Calgary's picks at the 2001 NHL entry draft in Sunrise, Florida. The Flames had the 11th overall pick, however traded it to the Phoenix Coyotes in a swap that saw them gain the 14th pick.

| Rnd | Pick | Player | Nationality | Position | Team (league) | NHL statistics |  |  |  |  |
| GP | G | A | Pts | PIM |
| 1 | 14 | Chuck Kobasew | Canada | RW | Boston College (HE) | 601 | 110 | 100 | 210 | 394 |
| 2 | 41 | Andrei Taratukhin | Russia | C | Avangard Omsk (RSL) |  |  |  |  |  |
| 2 | 56 | Andrei Medvedev | Russia | G | Spartak Moscow (RSL) |  |  |  |  |  |
| 4 | 108 | Tomi Maki | Finland | RW | Jokerit (FIN) | 1 | 0 | 0 | 0 | 0 |
| 4 | 124 | Egor Shastin | Russia | F | Avangard Omsk (RSL) |  |  |  |  |  |
| 5 | 145 | James Hakewill | United States | D | Westminster (USHS) |  |  |  |  |  |
| 5 | 164 | Yuri Trubachev | Russia | C | St.
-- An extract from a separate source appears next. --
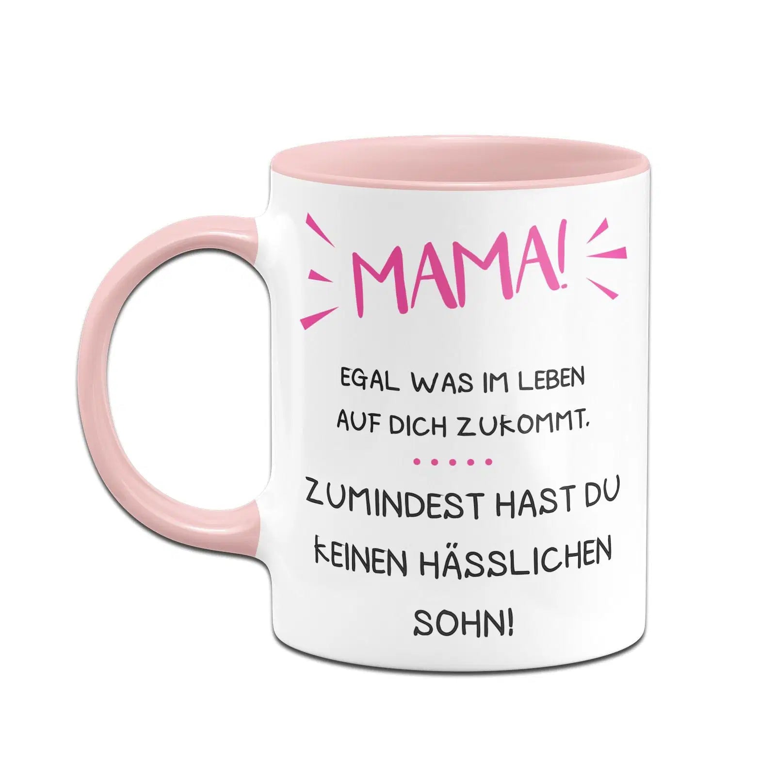 Tasse mit Spruch: Mama! Egal was im Leben auf Dich zukommt, zumindest hast Du keinen hässlichen Sohn!

Petersburg (RUS) |  |  |  |  |  |
| 7 | 207 | Garrett Bembridge | Canada | RW | Saskatoon Blades (WHL) |  |  |  |  |  |
| 7 | 220 | David Moss | United States | RW | Cedar Rapids RoughRiders (USHL) | 501 | 78 | 100 | 178 | 157 |
| 8 | 233 | Joe Campbell | United States | D | Des Moines Buccaneers (USHL) |  |  |  |  |  |
| 8 | 251 | Ville Hamalainen | Finland | RW | SaiPa (FIN) |  |  |  |  |  |

==Farm teams==

===Saint John Flames===
The baby Flames followed up their Calder Cup winning season with a disappointing 29–34–13–4 result in 2001–02, finishing in last place in the Canadian Division, missing the playoffs. Blair Betts led the Flames with just 49 points, while Dany Sabourin was the top goaltender in limited action.

===Johnstown Chiefs===
The Chiefs finished the 2001–02 ECHL season with a 39–31–2 record, good enough for third place in the Northwest Division. They were knocked out of the playoffs in the second round by the Dayton Bombers.